━━━ Given entries

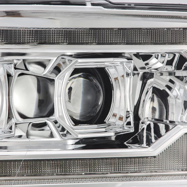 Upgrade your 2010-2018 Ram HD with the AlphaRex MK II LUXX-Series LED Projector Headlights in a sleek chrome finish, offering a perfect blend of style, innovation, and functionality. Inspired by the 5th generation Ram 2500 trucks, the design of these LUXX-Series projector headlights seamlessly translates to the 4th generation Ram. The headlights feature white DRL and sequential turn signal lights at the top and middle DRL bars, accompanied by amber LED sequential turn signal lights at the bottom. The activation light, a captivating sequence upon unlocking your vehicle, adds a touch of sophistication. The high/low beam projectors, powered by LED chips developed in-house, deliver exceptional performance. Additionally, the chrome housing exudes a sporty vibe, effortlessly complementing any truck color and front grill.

━━━━━━
━━━ Given entries

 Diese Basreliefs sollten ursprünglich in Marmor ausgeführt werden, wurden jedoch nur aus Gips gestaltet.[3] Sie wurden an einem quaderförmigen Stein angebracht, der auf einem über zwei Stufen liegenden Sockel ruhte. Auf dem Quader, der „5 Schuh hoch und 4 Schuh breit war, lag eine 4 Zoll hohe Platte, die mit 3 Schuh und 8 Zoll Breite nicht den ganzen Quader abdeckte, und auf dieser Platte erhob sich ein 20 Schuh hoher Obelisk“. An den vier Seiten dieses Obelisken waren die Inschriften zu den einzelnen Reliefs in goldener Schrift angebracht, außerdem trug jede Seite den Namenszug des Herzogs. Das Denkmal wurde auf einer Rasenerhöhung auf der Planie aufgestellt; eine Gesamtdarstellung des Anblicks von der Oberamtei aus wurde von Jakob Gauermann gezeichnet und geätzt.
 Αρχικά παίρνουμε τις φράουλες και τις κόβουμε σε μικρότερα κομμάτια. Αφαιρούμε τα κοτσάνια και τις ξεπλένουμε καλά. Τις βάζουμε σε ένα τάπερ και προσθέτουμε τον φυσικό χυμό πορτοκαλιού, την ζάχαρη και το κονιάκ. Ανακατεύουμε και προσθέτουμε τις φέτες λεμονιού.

━━━━━━
━━━ Given entries

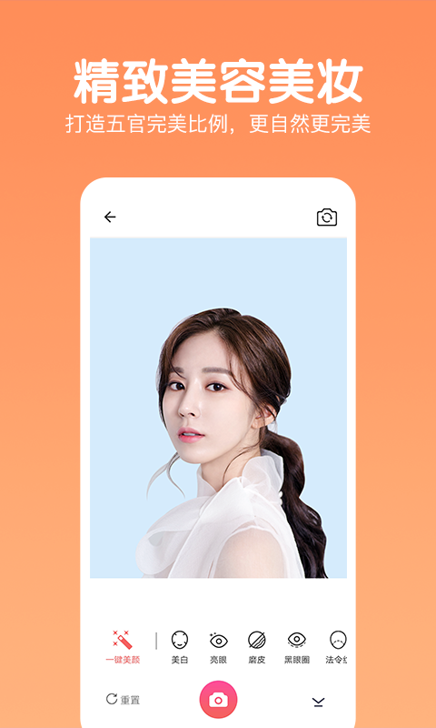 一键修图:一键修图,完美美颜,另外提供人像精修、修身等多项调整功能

━━━━━━

Try it: In the listing above, find the line with "Diese Basreliefs sollten" and the line with "Αρχικά παίρνουμε τις". Output those two lines and every line between them, exactly as written.

Solution to the problem:
 Diese Basreliefs sollten ursprünglich in Marmor ausgeführt werden, wurden jedoch nur aus Gips gestaltet.[3] Sie wurden an einem quaderförmigen Stein angebracht, der auf einem über zwei Stufen liegenden Sockel ruhte. Auf dem Quader, der „5 Schuh hoch und 4 Schuh breit war, lag eine 4 Zoll hohe Platte, die mit 3 Schuh und 8 Zoll Breite nicht den ganzen Quader abdeckte, und auf dieser Platte erhob sich ein 20 Schuh hoher Obelisk“. An den vier Seiten dieses Obelisken waren die Inschriften zu den einzelnen Reliefs in goldener Schrift angebracht, außerdem trug jede Seite den Namenszug des Herzogs. Das Denkmal wurde auf einer Rasenerhöhung auf der Planie aufgestellt; eine Gesamtdarstellung des Anblicks von der Oberamtei aus wurde von Jakob Gauermann gezeichnet und geätzt.
 Αρχικά παίρνουμε τις φράουλες και τις κόβουμε σε μικρότερα κομμάτια. Αφαιρούμε τα κοτσάνια και τις ξεπλένουμε καλά. Τις βάζουμε σε ένα τάπερ και προσθέτουμε τον φυσικό χυμό πορτοκαλιού, την ζάχαρη και το κονιάκ. Ανακατεύουμε και προσθέτουμε τις φέτες λεμονιού.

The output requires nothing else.